Last thing in my senior year: Working out / Working on myself
I have never been the girl to have to most self-confidence or the highest self-esteem, and for the last four years, this has caused me to say 'no' to a lot of parties or activities with other students. Since this was my last year, I felt like I had nothing to lose.
So this year, which started in September 2012, I started doing squats, jumping jacks and crunches. Every morning after I woke up and every evening before bed. But school was getting more and I started to neglect the plan I had made for myself (which, if I look back, was way too much to handle). After failing this, I went to the gym with my mum, and we did all kinds of things like dancing, body pump, balance and what not. But soon, school became more and there was no more time. We gave up our memberships and I kept on doing workouts for a few weeks before stopping.
This went on until I found out 'Insanity'. It's a really intense boot-camp workout, and you are extremely tired while doing it. But I felt better after. Since I am now in my last three weeks of school, studying for tests and making them, I haven't been able to work out :(

I recently realised that working out is not supposed to be about losing weight, it should be about getting healthier and feeling better about yourself. In the beginning of this year, I set the bar so high I got demotivated. The new goals I set for myself are more realistic and I can skip one a week if I am just too busy with other things.

This has been my senior year so far! I hope you got to know me a little more :)
Love, Daniƫlle

05 May, 2013

One Direction concert

After trying to get tickets back in November, trying again a day before the concert and wanting to go out of the country to see them, I had to give up on my dream to see the guys of One Direction in the flesh. A day before the concert, new tickets were being sold, and I saw my change to try again. Without succes. Via Twitter and Instagram I found out that Niall and Harry already were in The Netherlands. I wanted to go and look for them, but after crying over everything for two hours, my mum wouldn't let me go.

So the next day, also the day of the concert AND my brother' birthday, I didn't want to get out of bed and start studying again for my finals. I dragged myself out and started on school. A normal day, doing some shopping for my brother' party and buying dinner for the night. My parents were going to be eating rice, and I was going to be munching on a salad with chicken en pasta (Side note: I hate rice, and with my braces, it's a struggle to eat). We even had a little chat with the neighbour.
Once returned inside, I checked twitter and my mum checked her emails.
Now, this is where it get's exciting!
She had entered the waitinglist that same morning, because there was talk about more tickets coming that day. She went on the website, and was able to buy ONE ticket. I couldn't sit still anymore, and even as I'm typing this, my hands get clammy and I'm shaking a little. So while I was walking around the house, my mum paid for the ticket and told me 'I got it. It's yours. You're going to see them.'

My mind went blank. I, the person that has tried so many times to get tickets and cried because she wasn't able to go, had a ticket. Just one, so I was not allowed to call up my friend and yell that we were going, but I was going.

An hour after we had purchased the ticket, I was in the Ziggo Dome Arena waiting for the show to start. It was total madness before, because the had asked us to wear orange because of the new king, and I had to look for something orange that would still look a little normal. I ended up wearing my brother his old soccer shirt, which is four sizes to big. But hey! I had orange on and I was going to see them.

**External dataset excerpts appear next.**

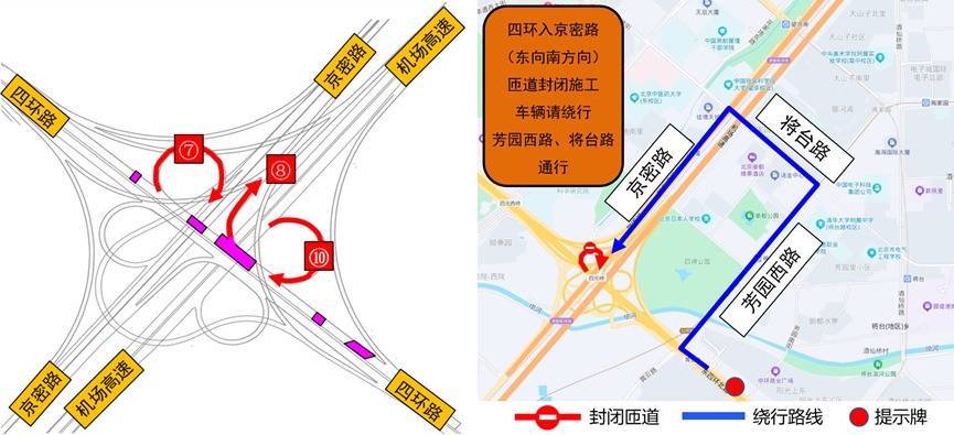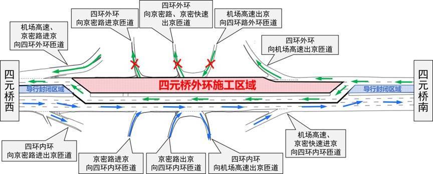 r4月25日0时至5时四环主路将实施对向交通导行工作,请过往车辆提前绕行;4月25日5时至4月26日24时实现“分幅占路、对向导行”,届时外环车辆在四元桥区导入对向(内环)行驶。期间,内环匝道不受影响,封闭外环受影响的3条匝道:四环外环向京密路进京匝道、四环外环向京密路出京匝道、机场高速出京向四环外环匝道。
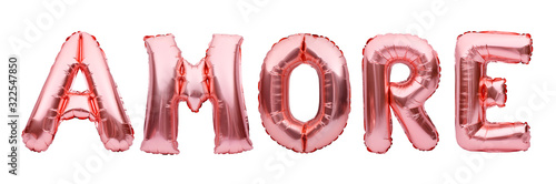 Pink golden word AMORE made of inflatable balloons isolated on white background. Rose gold foil balloon letters, concept of love, romance, Valentine's Day.
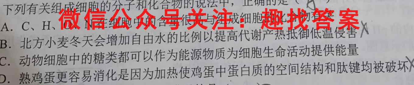A.C、H、O、N在细胞中的含量很高与组成细胞的化合物有关B.北方小麦冬天会增加自由水的比例以提高代谢产热抵御低温侵害C.动物细胞中的糖类都可以作为能源物质为细胞生命活动提供能量D.熟鸡蛋更容易消化是因为加热使鸡蛋中蛋白质的空间结构和肽键均被破坏
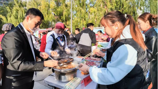 當天,社區20多家餐飲企業(yè)展開(kāi)美食大比拼,精心準備了50多種特色美食。展位上,素菜、葷菜、涼菜、熱菜應有盡有,圍觀(guān)的居民早早自覺(jué)排好了長(cháng)隊?!袄详?,你快點(diǎn)過(guò)來(lái),今天有美食節!啥好吃的都有,可熱鬧了!”居民王迎拿著(zhù)碗筷,趁排隊間隙打電話(huà)招呼朋友們趕緊參與活動(dòng)。
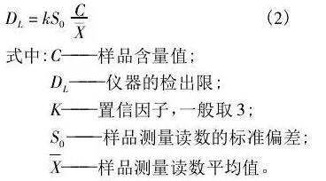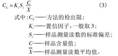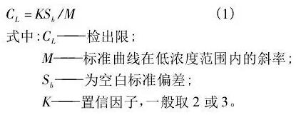 1947年,德國人Hkaiser首次提出了有關分析方法檢出限的概念,并提出檢出限和分析方法的精密度、準確度一樣,也是評價一個分析方法測試性能的重要指標。國際純粹與應用化學聯(lián)合會(IU-PAC)于1975年正式推行使用檢出限的概念及相應估算方法,于1998年又發(fā)表了《分析術(shù)語綱要》對檢出限檢出,檢出限的定義為:某特定方法在給定的置信度內(nèi)可從樣品中檢出待測物質(zhì)的最小濃度或量,公式表示為:

And to say it was amazing... Huge understatement. It was everything I expected and more. I did miss my best friend next to me to fangirl with, but the fact that I didn't know anybody made me feel free. I screamed and lost my voice, and left a few tears roll as the show progressed.

I can easily say it was the best night I've had so far, and I will never forget all the things that happened that night. Like the fan-actions that were held during 'Change my mind' and 'Little things'. Or the wardrobe change from casual to orange suits with matching jerseys, all orange! Or the moments when the guys got a little emotional seeing/hearing the crowd (I can go on forever...).